Je respire mal, je transpire déjà du visage. Quand je parle mes oreilles vibrent de ma propre voix. Ma vue est réduite par les paupières en latex du macaque qui me prend la tête. Je porte un Jean, une veste noire et un masque de singe.

Animaux, tueurs hollywoodiens, masques d’Anonymous, sourires figés et regards étranges. Une bonne partie des invités a suivit la consigne de la soirée masquée. Je suis assis face à un porc et un coq, qui sirotent une bière en relevant le bas de leurs masques. Le jardin est grand, la soirée bat son plein.

 

J’ai acheté mon masque ce matin dans une boutique spécialisée, hors de prix, et malgré plusieurs tentatives et de longues palabres, je n’ai pas pu payer en monnaie de singe. Ce mauvais jeu de mot et mon masque sous le bras, j’ai traversé Paris.
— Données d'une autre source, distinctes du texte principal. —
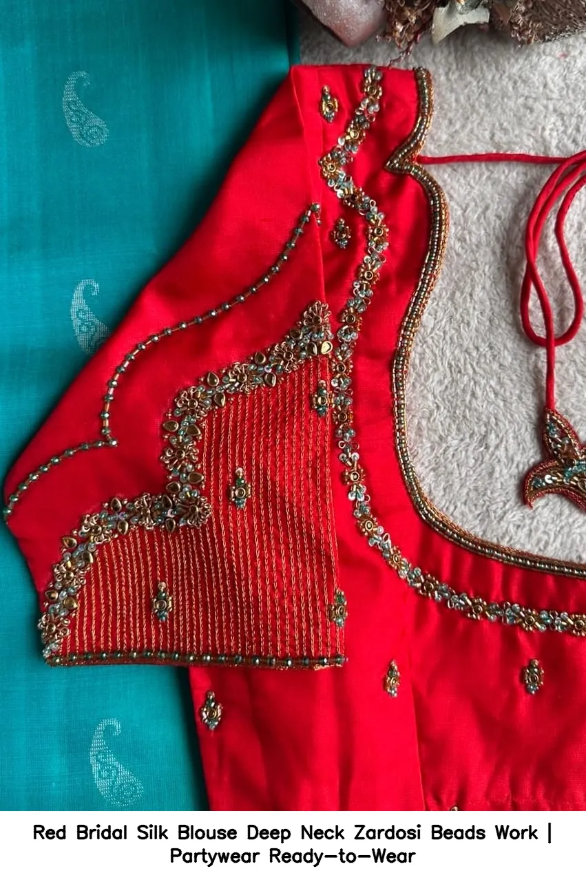 Why Choose Red Bridal Silk Blouse – Deep Neck Zardosi Beads Work | Partywear Ready-to-Wear?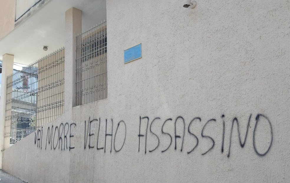 No bairro de Dois de Julho, a situação dividiu opiniões de moradores, que falaram sobre o comportamento dele. Uns, apontaram que ele tinha um histórico de comportamento agressivo, outros diziam que ele parecia inofensivo. Prédio de idoso que matou homem a tiros na BA foi vandalizado — Foto: Arquivo pessoal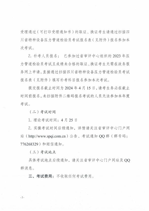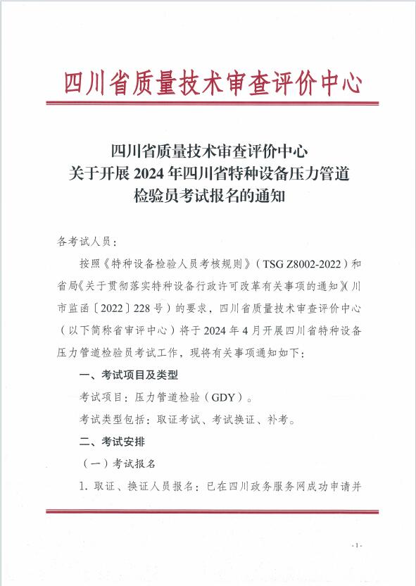關(guān)于開展2024年四川省特種設(shè)備壓力管道檢驗員考試報名的通知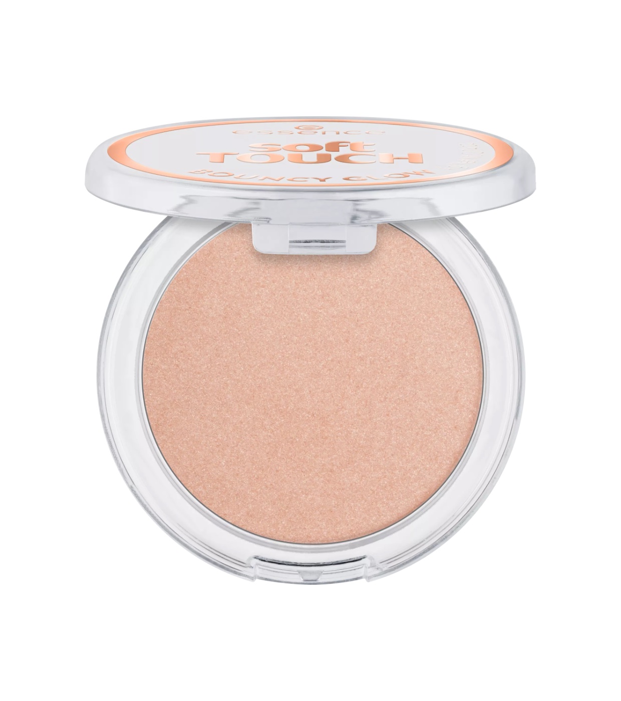 Essence Soft Touch Bouncy Glow is an innovative highlighter with a flexible, sensorial texture that transforms into a silky, powdery finish upon application.

Et me voilà, à moitié défoncé, en train de renverser la théorie de Darwin. En arrivant, j’ai repéré un masque absolument dingue, une espèce de lune de la commedia dell’arte. Suivant tête-de-lune, j’entre dans la maison. De-ci-delà, des petits groupes se sont formés, et une douce odeur de Marie-Jeanne plane sur les bières ouvertes. Venus avec le dernier métro, de nouveaux invités se joignent à nous, et je me surprends même en train de danser. Mais il faut pourtant que j’arrête de me trémousser : j’ai la dalle.

 

Zigzagant entre les invités pleins et les bouteilles vides, j’atteins la cuisine, et cherche quelque chose à me mettre sous la dent. La table et le plan de travail sont recouverts de sachets de chips éventrés, de bières-cendrier et de paquets de clopes vides. J’avise un saladier, mais quelqu’un a écrasé sa cigarette sur les dernières tomates.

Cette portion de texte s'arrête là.